--- Source material Enclosed Below ---

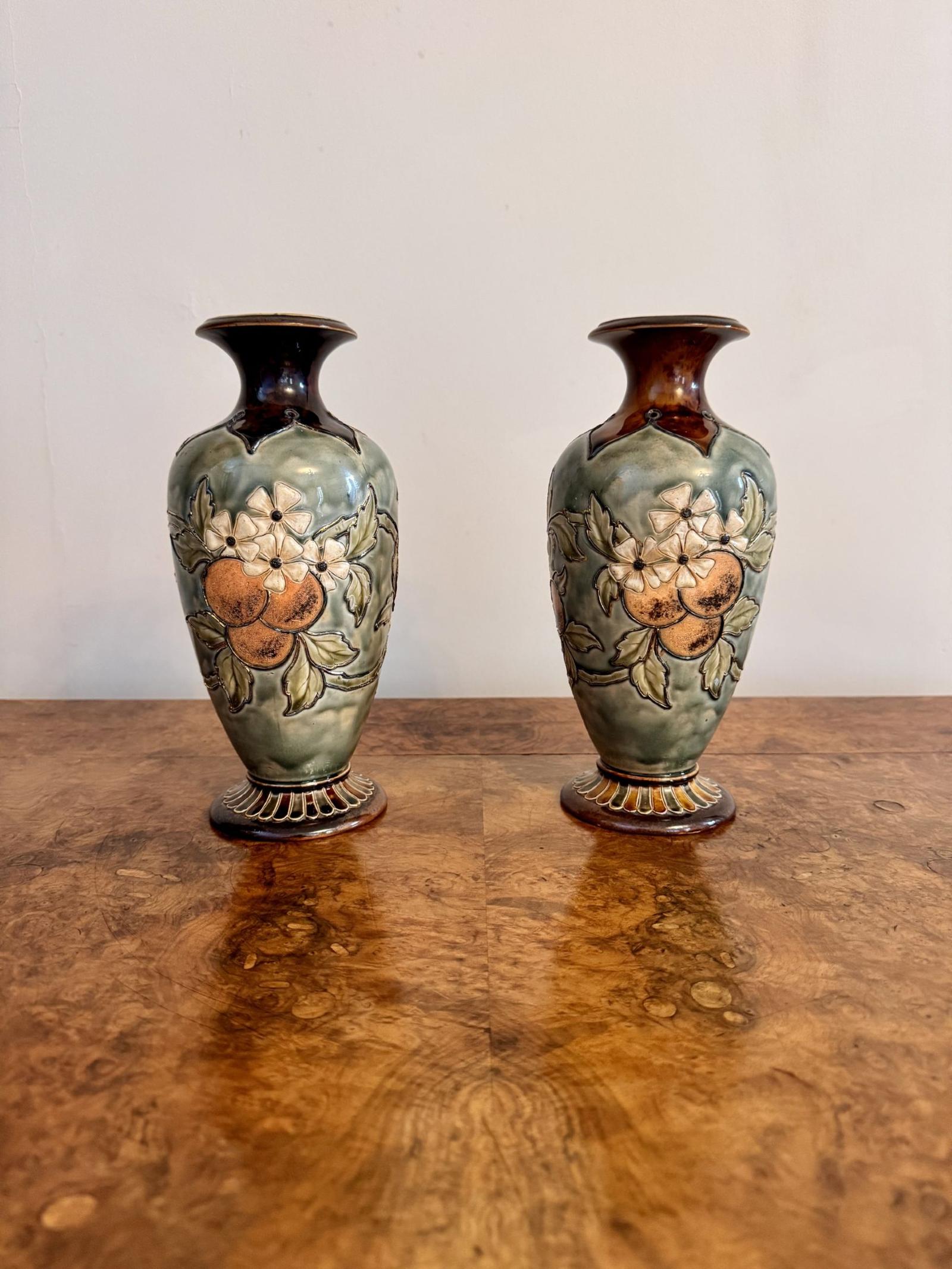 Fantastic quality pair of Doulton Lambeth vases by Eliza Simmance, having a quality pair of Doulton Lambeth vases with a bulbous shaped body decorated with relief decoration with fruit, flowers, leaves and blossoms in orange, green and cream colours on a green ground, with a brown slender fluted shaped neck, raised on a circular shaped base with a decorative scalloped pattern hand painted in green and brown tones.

--- End of Enclosed Source material ---
--- Source material Enclosed Below ---

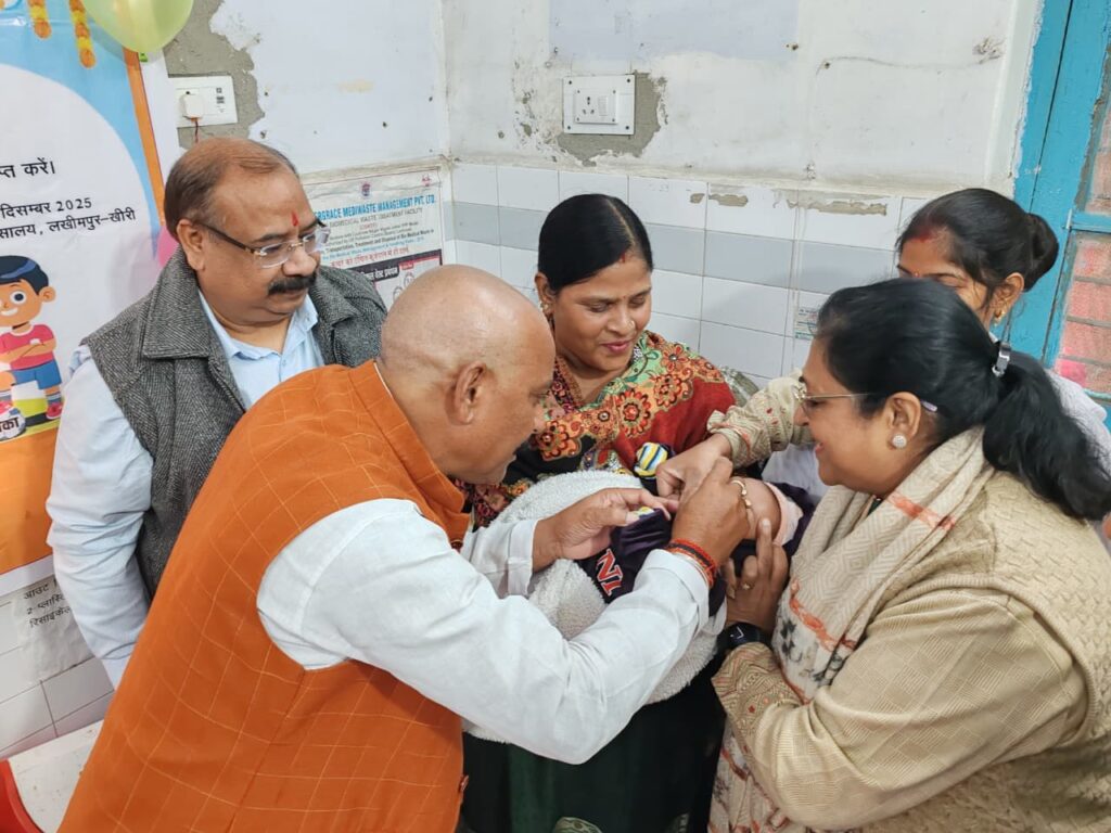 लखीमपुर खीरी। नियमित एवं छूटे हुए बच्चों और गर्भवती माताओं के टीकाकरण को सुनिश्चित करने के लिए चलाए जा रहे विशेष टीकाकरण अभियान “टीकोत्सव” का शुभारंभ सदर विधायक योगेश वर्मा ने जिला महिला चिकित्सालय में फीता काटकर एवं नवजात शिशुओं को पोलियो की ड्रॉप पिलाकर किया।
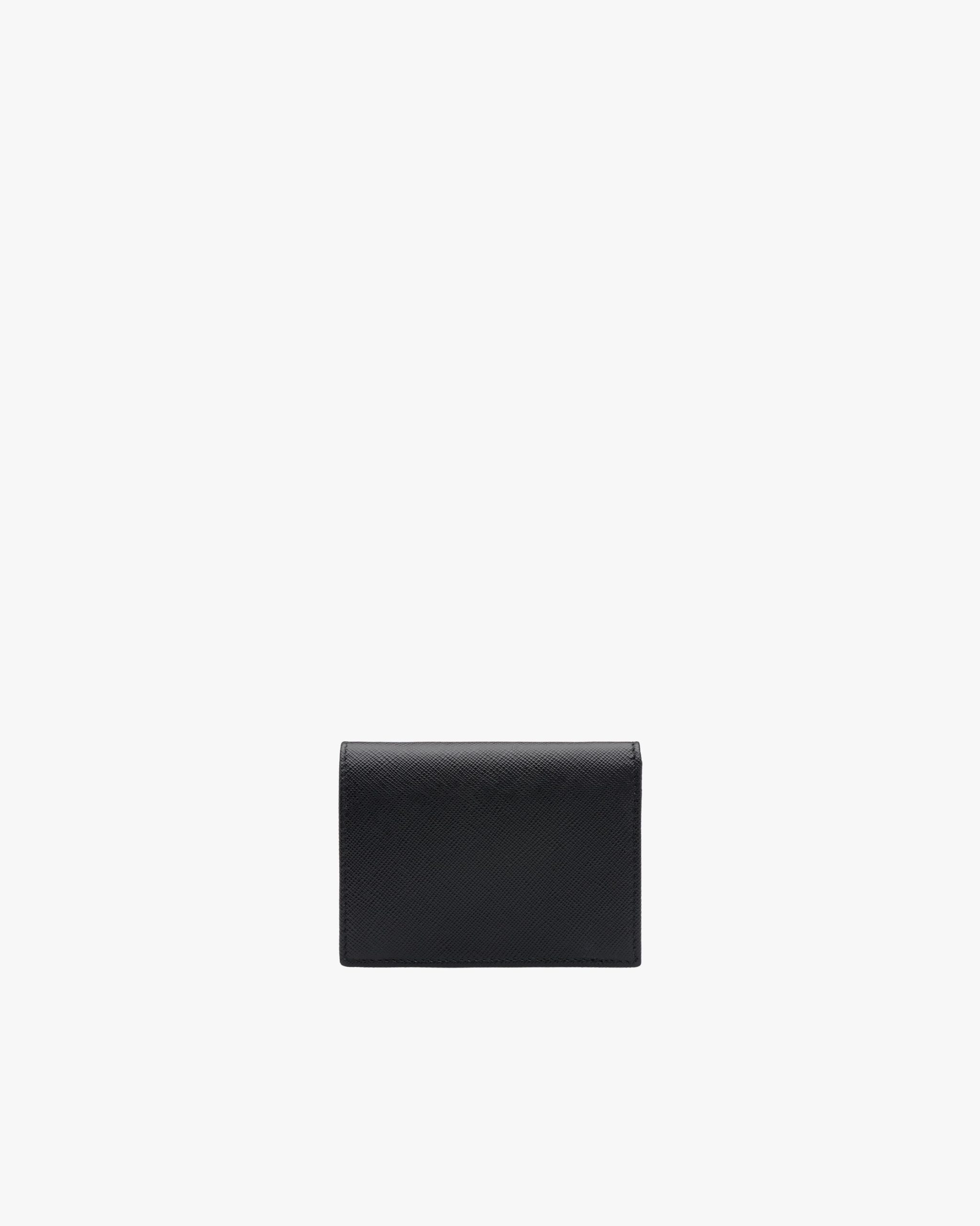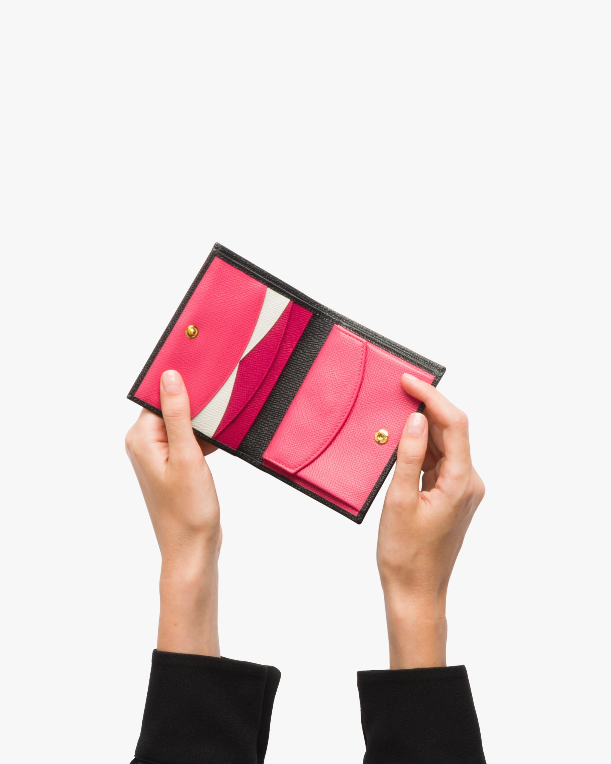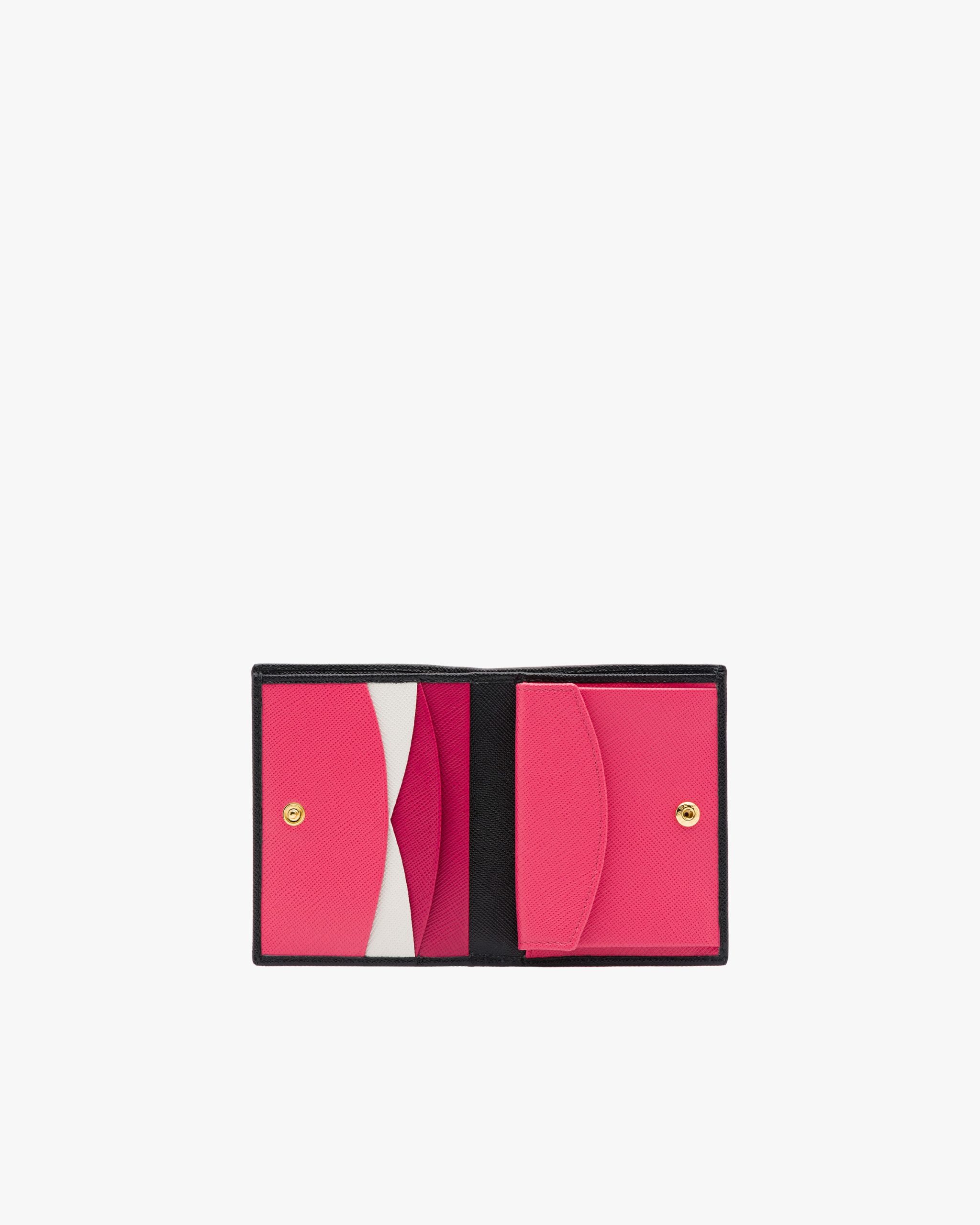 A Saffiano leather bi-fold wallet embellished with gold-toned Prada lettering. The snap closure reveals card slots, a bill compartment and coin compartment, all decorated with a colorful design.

--- End of Enclosed Source material ---

**Assigned task**
Among the entries above, locate the line with "लखीमपुर खीरी। नियमित" and the line with "A Saffiano leather". Give those two lines and all lines between them again, exactly, leaving out the pictures.

**Solution for this exercise**
 लखीमपुर खीरी। नियमित एवं छूटे हुए बच्चों और गर्भवती माताओं के टीकाकरण को सुनिश्चित करने के लिए चलाए जा रहे विशेष टीकाकरण अभियान “टीकोत्सव” का शुभारंभ सदर विधायक योगेश वर्मा ने जिला महिला चिकित्सालय में फीता काटकर एवं नवजात शिशुओं को पोलियो की ड्रॉप पिलाकर किया।
 A Saffiano leather bi-fold wallet embellished with gold-toned Prada lettering. The snap closure reveals card slots, a bill compartment and coin compartment, all decorated with a colorful design.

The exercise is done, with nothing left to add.